While it's also a Perl 5 legacy which had nothing to do with evaluation strategies, it's nice that the concept has evolved into something much more attractive in Perl 6. :-)

2006.08.21

Pugs meets Judy

In 2006-08-14 I started the Judy integration inside Pugs' trunk. This meant building both Judy and HsJudy in the default Pugs make command and using it for both IArray and IHash types (which represent Array and Hash perl types) and also for interning (convert strings/identifiers to words that have fast equality comparison). Lots of different build errors happened, but after a couple of days and help from the folks at #perl6, the build process became stable.

The most expected feature was providing a good support for sparse arrays, which was chosen by the Perl guys to be the default way to deal with arrays (cf. arrays as elements in contiguous space of memory, easy to navigate and access), and Judy solved this problem.

Some numbers comparing r12203 (pre-Judy) with r12215 (after Judy and some corrections to make it work correctly). I noticed that people in the channel usually get better numbers than I do, but anyway, using GHC 6.4.2, I got:

  • ./pugs -C Parse-YAML src/perl6/Prelude.pm: uses the interning code, memory usage drops 15% and is 3% faster here.
  • t/closure_traits/first.t was one of tests mentioned in channel. Here Judy version is 9% faster considering runtime (ignoring parsing time, which is the same for both).
  • t/builtins/lists/minmax.t is little more than 10% faster for Judy (runtime measure too).

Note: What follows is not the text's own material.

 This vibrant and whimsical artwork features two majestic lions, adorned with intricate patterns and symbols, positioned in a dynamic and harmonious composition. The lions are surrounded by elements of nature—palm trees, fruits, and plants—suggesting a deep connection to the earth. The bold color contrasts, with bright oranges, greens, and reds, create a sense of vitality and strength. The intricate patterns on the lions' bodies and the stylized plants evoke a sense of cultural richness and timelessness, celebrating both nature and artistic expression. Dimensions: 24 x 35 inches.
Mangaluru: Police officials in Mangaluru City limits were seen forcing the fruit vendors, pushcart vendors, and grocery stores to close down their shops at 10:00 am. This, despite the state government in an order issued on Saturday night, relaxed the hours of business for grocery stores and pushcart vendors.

In feather, a P4 using GHC 6.4.1, now comparing r12203 against trunk, I got:

  • ./pugs -C Parse-YAML src/perl6/Prelude.pm: uses the variable identifier interning code, 20% faster in trunk.
  • t/closure_traits/first.t maintains around 10%.

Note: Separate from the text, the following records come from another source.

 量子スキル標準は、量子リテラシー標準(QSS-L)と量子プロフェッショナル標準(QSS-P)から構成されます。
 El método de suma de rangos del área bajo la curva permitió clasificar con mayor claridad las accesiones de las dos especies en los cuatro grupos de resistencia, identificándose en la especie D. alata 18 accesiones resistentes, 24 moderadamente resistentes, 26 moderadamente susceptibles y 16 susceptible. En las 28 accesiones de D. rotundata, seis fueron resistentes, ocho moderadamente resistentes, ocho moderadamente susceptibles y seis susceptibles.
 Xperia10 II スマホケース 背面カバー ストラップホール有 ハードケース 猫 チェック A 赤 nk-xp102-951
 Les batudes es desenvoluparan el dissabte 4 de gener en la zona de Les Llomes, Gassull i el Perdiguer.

Also, GHC 6.5 in general seems to be giving better performance: in my machine (an amd64 3200+) mandel.pl with Pugs on 6.5 runs in around 2m2s, with Pugs on 6.4.2 around 7m40s. For src/perl6/Prelude.pm its 4s versus 7s aprox. Since numbers are so different than feather it might mean there's something wrong with my GHC 6.4.2 binary...

Right now, only Judy.StrMap and Judy.IntMap are being used since we got some random segfaults with Judy.Hash. Changing between Judy.StrMap, Judy.Hash, Data.Map (with IORef help) and Data.HashTable now is very easy, since all of them instantiate MapM type-class.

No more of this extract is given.